Think about the scale of what that heuristic is protecting. On an H100 it has to reason about 132 SMs spread across 8 GPCs (Graphics Processing Clusters, the chip's top-level partitions). Leave even a handful of those SMs idle and you've thrown away peak throughput before the first multiply instruction fires. The heuristic's entire job is: given this shape, which drawer keeps the most SMs busy? For a 4096³ square, almost any reasonable drawer fills the machine. For a 256 × 256 × 16384 problem, the wrong drawer leaves 120 of 132 SMs dark — and that brings us to the trick that surprised me most.

Trick #2: split-K — the move for skinny problems

This one broke my mental model the first time I understood it, so let me build up to why it's surprising before I show the trick.

Our entire ladder rests on one design decision, so foundational we never question it: one output tile of C is owned by one thread block, and that block sweeps the full K dimension in its inner loop, accumulating the dot products as it goes. Block owns a tile, block does all the K-work for that tile, block writes the finished tile. Clean.

That design is perfect when there are lots of output tiles. A 4096 × 4096 output split into 128 × 128 tiles gives 32 × 32 = 1024 tiles — plenty to keep all 132 SMs busy several times over.

Now shrink the output but keep K huge. Take 256 × 256 × 16384. The output C is only 256 × 256. Split into 128 × 128 tiles, that's 2 × 2 = 4 tiles. Four. Four blocks. Four SMs busy, and the other 128 SMs sitting completely dark — while there is a mountain of arithmetic to do, because K = 16384 means each of those four blocks has to grind through 16,384 multiply-adds per output element, alone.

Stop and feel how strange that is. You are compute-starved — the GPU is 96% idle — not because there's no work, but because the axis you chose to parallelize along (the output tiles) is too short. The work is all hiding in the one dimension you decided not to split: K.

Split-K is the fix, and now it's obvious. Instead of one block sweeping all of K alone, slice K into chunks and give each chunk to a different block. Slice K = 16384 into 8 chunks of 2048. Now each of the 4 output tiles is computed by 8 blocks working in parallel on different slices of K — 4 × 8 = 32 blocks instead of 4. Eight times more SMs busy.

There's a catch, and it's the tell. Each block now computes only a partial sum — its slice of the dot product. Someone has to add those partials together.
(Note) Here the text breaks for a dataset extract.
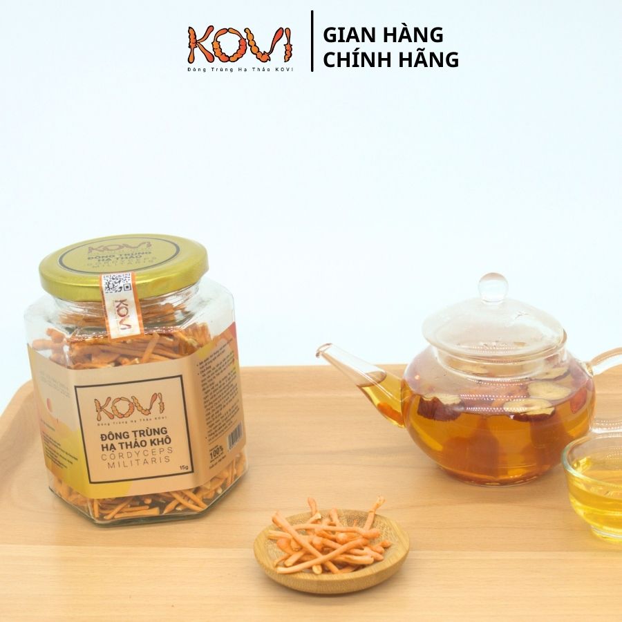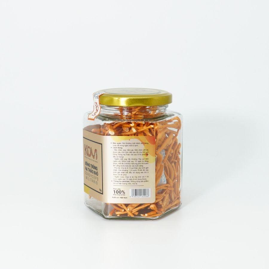 Đông Trùng Hạ Thảo khô KOVI 50g được đựng trong lọ thủy tinh cao cấp gồm thành phần 100% sợi đông trùng hạ thảo sấy thăng hoa.

So split-K needs a second pass: a small reduction kernel that sums the 8 partials for each output element into the final C.

Split-K parallelizes the K (contraction) dimension so all 132 SMs stay busy when the output is too small to fill the grid — at the cost of a second reduction pass.

Now go back to that profiling table from earlier and look at the 256 row: ampere_sgemm_64x32_sliced1x4_nn plus splitKreduce_kernel. Two kernels launched back-to-back from a single cublasSgemm call.3³ That extra launch is the fingerprint of split-K. Whenever you see one BLAS call show up as two kernels in a profiler — a matmul followed by a splitKreduce-style pass — you've caught the switchboard deciding your K was too long relative to M and N. It's the most legible optimization decision cuBLAS makes. The switchboard looked at 256 × 256, saw only 4 tiles, and reached for the split-K drawer.

Here's the punchline that matters for the whole site: our single kernel physically cannot do this. Split-K isn't a tuning constant you can dial — there's no BK value that turns it on. It's a structural capability: a second kernel, a reduction pass, a notion of slicing K across blocks. No amount of autotuning our block-per-tile kernel will ever recover the skinny-K case, because the machinery simply isn't in the code. This is the first honest limit of our ladder, and it's a good one to have named.

Trick #3: the tensor-core path we've been ignoring

Now the biggest asterisk of all, and honesty demands we say it in plain letters:

The entire 1.3% → 93.7% climb happens on the CUDA cores, with the tensor cores switched off.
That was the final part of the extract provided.